▶ Supplied records:

————

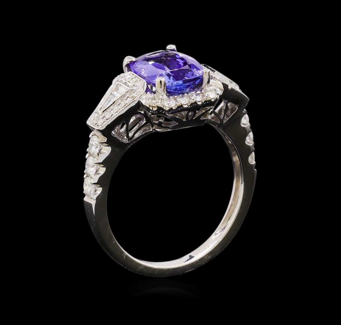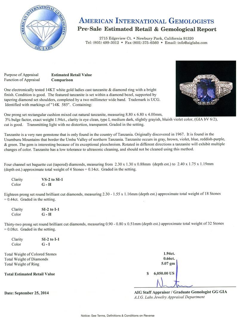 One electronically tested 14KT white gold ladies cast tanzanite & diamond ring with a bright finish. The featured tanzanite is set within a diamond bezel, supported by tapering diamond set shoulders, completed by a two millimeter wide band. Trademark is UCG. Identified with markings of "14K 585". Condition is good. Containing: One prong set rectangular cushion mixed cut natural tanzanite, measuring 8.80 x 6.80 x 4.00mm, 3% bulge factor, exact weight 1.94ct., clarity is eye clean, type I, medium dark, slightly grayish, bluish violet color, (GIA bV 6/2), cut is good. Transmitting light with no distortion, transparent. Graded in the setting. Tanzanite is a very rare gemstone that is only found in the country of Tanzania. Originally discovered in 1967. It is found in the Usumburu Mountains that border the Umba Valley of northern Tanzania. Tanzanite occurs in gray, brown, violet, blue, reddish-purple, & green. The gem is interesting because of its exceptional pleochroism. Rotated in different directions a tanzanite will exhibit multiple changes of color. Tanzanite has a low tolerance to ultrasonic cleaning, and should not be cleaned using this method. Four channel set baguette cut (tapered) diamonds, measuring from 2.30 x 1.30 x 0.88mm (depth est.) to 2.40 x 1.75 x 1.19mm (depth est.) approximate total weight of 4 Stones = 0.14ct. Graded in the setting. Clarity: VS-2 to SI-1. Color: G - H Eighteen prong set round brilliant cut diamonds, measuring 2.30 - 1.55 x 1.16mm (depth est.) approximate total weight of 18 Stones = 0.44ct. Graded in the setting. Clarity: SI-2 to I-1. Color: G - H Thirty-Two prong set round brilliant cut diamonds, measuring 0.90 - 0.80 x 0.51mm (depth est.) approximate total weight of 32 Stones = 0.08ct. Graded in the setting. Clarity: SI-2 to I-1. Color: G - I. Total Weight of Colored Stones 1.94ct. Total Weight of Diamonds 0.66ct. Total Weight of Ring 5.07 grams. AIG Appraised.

————

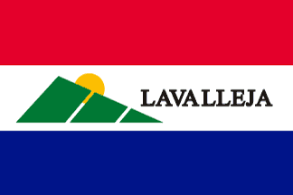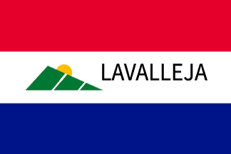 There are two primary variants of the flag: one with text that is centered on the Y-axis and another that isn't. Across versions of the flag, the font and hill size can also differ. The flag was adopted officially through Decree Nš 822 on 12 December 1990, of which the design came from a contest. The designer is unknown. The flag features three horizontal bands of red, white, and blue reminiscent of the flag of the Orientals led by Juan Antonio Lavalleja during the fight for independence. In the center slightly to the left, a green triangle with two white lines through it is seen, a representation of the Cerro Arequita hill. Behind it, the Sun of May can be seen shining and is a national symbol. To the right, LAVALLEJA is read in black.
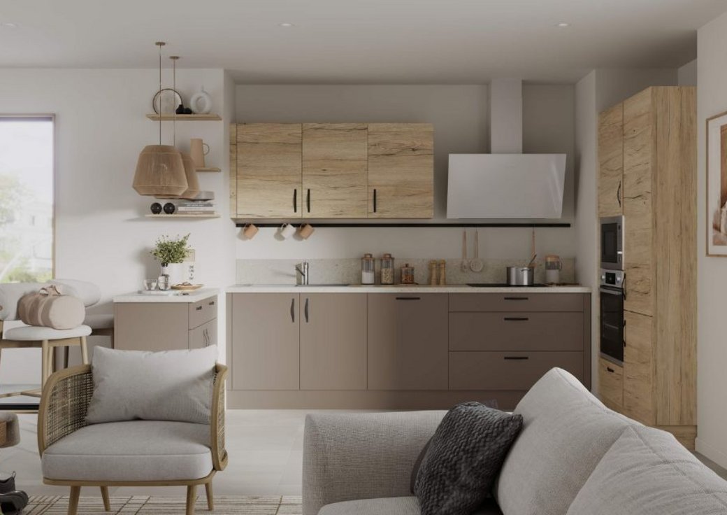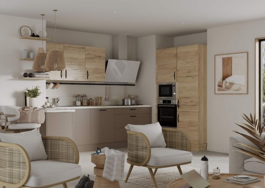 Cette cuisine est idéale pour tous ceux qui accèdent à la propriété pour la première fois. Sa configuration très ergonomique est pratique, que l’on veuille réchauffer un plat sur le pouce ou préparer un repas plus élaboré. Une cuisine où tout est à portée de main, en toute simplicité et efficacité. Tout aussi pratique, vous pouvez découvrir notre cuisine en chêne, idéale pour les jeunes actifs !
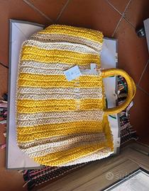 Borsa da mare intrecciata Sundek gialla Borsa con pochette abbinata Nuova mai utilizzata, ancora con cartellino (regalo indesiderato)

————

▶ What this task involves:
From the material above, reproduce only what runs from the line holding "Cette cuisine est" down to the line holding "Borsa da mare", both included, pictures excluded.

▶ Exercise response:
 Cette cuisine est idéale pour tous ceux qui accèdent à la propriété pour la première fois. Sa configuration très ergonomique est pratique, que l’on veuille réchauffer un plat sur le pouce ou préparer un repas plus élaboré. Une cuisine où tout est à portée de main, en toute simplicité et efficacité. Tout aussi pratique, vous pouvez découvrir notre cuisine en chêne, idéale pour les jeunes actifs !
 Borsa da mare intrecciata Sundek gialla Borsa con pochette abbinata Nuova mai utilizzata, ancora con cartellino (regalo indesiderato)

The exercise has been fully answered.